Quote Originally Posted by td_ref View Post
Mr. doc, if you were showing the "logic" to me, I would be confused. I have my education in China till high school, then went to UK for undergraduate study. All China high school study marxism and mao's philosophy and Deng's. My high school classmate went on that in college, as compulsory subject. I'm not entirly sure if post graduate has to study that too.
I believe you guys didn't have to read textbook Zhengzhi. Neither now new generation parents have saying to object that "philosophy", if ever new parents question the textbook.

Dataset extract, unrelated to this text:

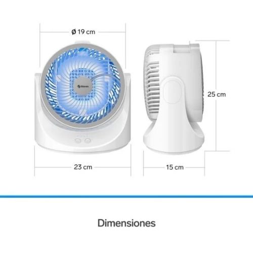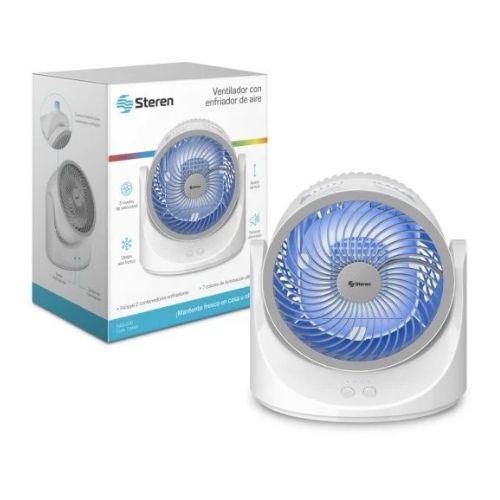 Tiene 3 velocidades (1600 / 1800 / 2000 r/min) fácilmente seleccionables con un botón. Incluye un recipiente con un polvo especial, que al combinarlo con agua se forma un gel especial, para congelarlo y después colocarlo en un compartimento de la parte frontal del ventilador, así tendrás aire mucho más fresco. Incorpora un eje central que permite mover verticalmente el cabezal y dejarlo en la mejor posición para distribuir el aire.Tiene iluminación LED para que elijas algún color y darle un toque decorativo al espacio donde tengas el ventilador. Congela su gel especial para obtener aire aún más fresco. Ajuste vertical manual de 90°. Sistema silencioso. Incorpora luz LED decorativa. Incluye 2 contenedores enfriadores. Dimensiones del contenedor: 15,5 cm de alto (incluyendo tapa) x 11,5 cm de ancho x 3,4 cm de profundidad. Incluye cable USB a USB C de 1,45 m.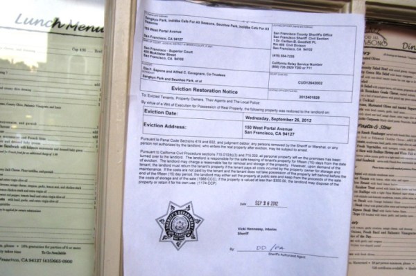 In other, non-fire-related news: Cafe for All Seasons is apparently closed for good. The other day, I was surprised to see it shut mid-week and at lunchtime. Expecting a temporary closure, I jumped out of my car to read the note on their door for the dates. Instead, it was an eviction notice. Pity, that. First West Portal Bakery, gone equally suddenly, now this. I hope whoever moves in will be as popular as Goat Hill Pizza, which took West Portal Bakery’s spot.

td_ref, I'd be guessing you would not be alone and that many local mainland Ch!nese would have no idea about the characters "逻辑" as has been the case with the Ch!nese colleagues/friends I have asked. It seems an elusive concept IMO here inside Ch!na. Reflects back on education both formal and informal. Though in all fairness, the central government is well aware of the failings and short comings of the education system and is wanting to change it, a long with quite a few other aspects without loosing the integral and cultural aspects of what it means to be mainland Ch!nese. These things have to be carefully managed and massaged into place, and will take time. The part about the theories of Marx, Mao, et al. were likely not so much dissected and critically analysed, but just memorised verbatim. I'd assume that td_ref, you'd have simply had to memorise all of the content of say the Mao-!st little red book, carry it with you at all times, and be able to quote from it, if asked?

From my experience assisting Asian students (when I was at Uni doing my first undergrad studies two decades ago overseas), many Asians' really excelled at the hard sciences, where memorising facts, numbers and performing computational tasks were the key to the topic and therefore being able to use and rely on their often keen memorisation/rote learning techniques. Those that were studying soft or social sciences had a much harder struggle with their subjects where interpretation, reflection and critical analysis were more often required.